Обещать Челомею компьютеры, причем укомплектованные расчетными программами, мне было не особо и трудно. Вдобавок я действительно считала эту задачу приоритетной: в свое время я от непосредственного участника проекта слышала, что первые пять пусков УР-500 пошли «за бугор» из-за как раз неверного расчета динамики баков первой ступени. И если бы тогда Хрущев — ради «спасения репутации сына» — на вынудил Королева послать Челомею на полгода своего лучшего механика, то ракета и «не взлетела» бы. Но сейчас про Хрущева и его сына никто и не слышал, так что некому было помочь Владимиру Николаевичу. Ну, кроме меня, конечно, Келдышей и нескольких сотен студентов московских ВУЗов. А с Людмилой Всеволодовной, у меня, думаю, договориться получится: я уже с академическими институтами несколько проектов через НТО провела, так почему бы и в Стекловку не обратиться?

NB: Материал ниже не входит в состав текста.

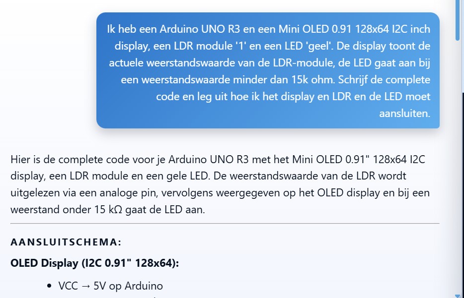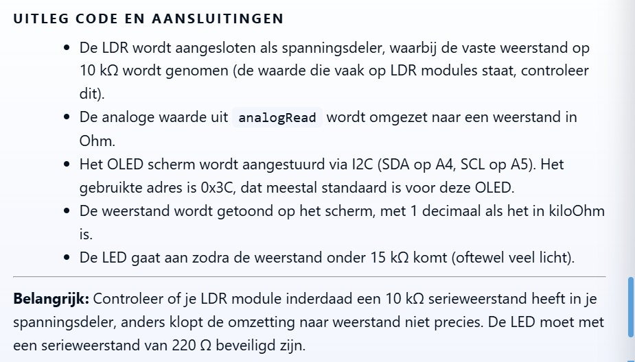 Ik heb een Arduino UNO R3 en een Mini OLED 0.91 128×64 I2C inch display, een LDR module ‘1’ en een LED ‘geel’. De display toont de actuele weerstandswaarde van de LDR-module, de LED gaat aan bij een weerstandswaarde minder dan 15k ohm. Schrijf de complete code en leg uit hoe ik het display en LDR en de LED moet aansluiten.

Ну а насчет компьютеров как таковых тоже уже задел определенный появился, даже два задела. Первый «воплотили в железе» студенты-разработчики, переработавшие телевизор «Старт» в нечто удобоваримое (с моей точки зрения удобоваримое): они на базе этого телевизора (и огромной кучи совершенно не нужных в телевизоре радиодеталей) изготовили некое подобие компьютерного алфавитно-цифрового монитора. Правда, пока лишь цифрового: изготовленный ими в виде огромной диодной матрицы знакогенератор только цифры на экране и воспроизводил. Но воспроизводил правильно, в растровом формате, и на экран помещалось двадцать пять строк по восемьдесят символов — но «расширить» именно знакогенератор было уже несложно (адресация контроллера допускала использование до ста двадцати восьми символов, считая пробел, естественно), просто пока им этим заниматься было лень. Ведь правильно распаять восемь с лишним тысяч диодов было само по себе работой, скажем, сугубо «обезъянней», а переводом этой матрицы (точнее, ее отдельных частей) в микросхемы, к использованию пригодных, усиленно занимались товарищи во Фрязино (в рамках «полупроводниковой программы», конечно). И даже достигли там определенных успехов: фрязинцы меня перестали материть за то, что я им «предложила какую-то тупую методологию», так как у них все же вышло изготовить простенькую схему по КМОП технологии. Совсем простенькую, но по нынешним временам и это было крупным технологическим прорывом, таким крупным, что даже я удивилась — ведь по результатам моего рассказа им пришлось с десяток новых технологических приемов разработать…

А вторым «заделом» стало изготовление сразу двух накопителей для данных, и это были не магнитофоны, хотя как раз магнитофоны в разработке очень помогли. Один — дисковый накопитель на лавсановом гибком диске диаметром в десять сантиметров и емкостью в тысячу двести килобайт: от магнитофона парни взяли магнитную головку, с помощью которой можно было записывать информацию на дорожку шириной в четверть миллиметра, и они таких дорожек на каждой стороне смогли по полсотни разместить. А второй накопитель был «почти таким же», но его существенно помогли изготовить уже ребята из МАИ: там головка к поверхности бешено вращающегося алюминиевого диска не прижималась, летала над поверхностью — и маёвцы как раз аэродинамику головки рассчитали. А бауманцы умудрились на диске диаметров уже в семь с половиной сантиметров разместить по сотне дорожек…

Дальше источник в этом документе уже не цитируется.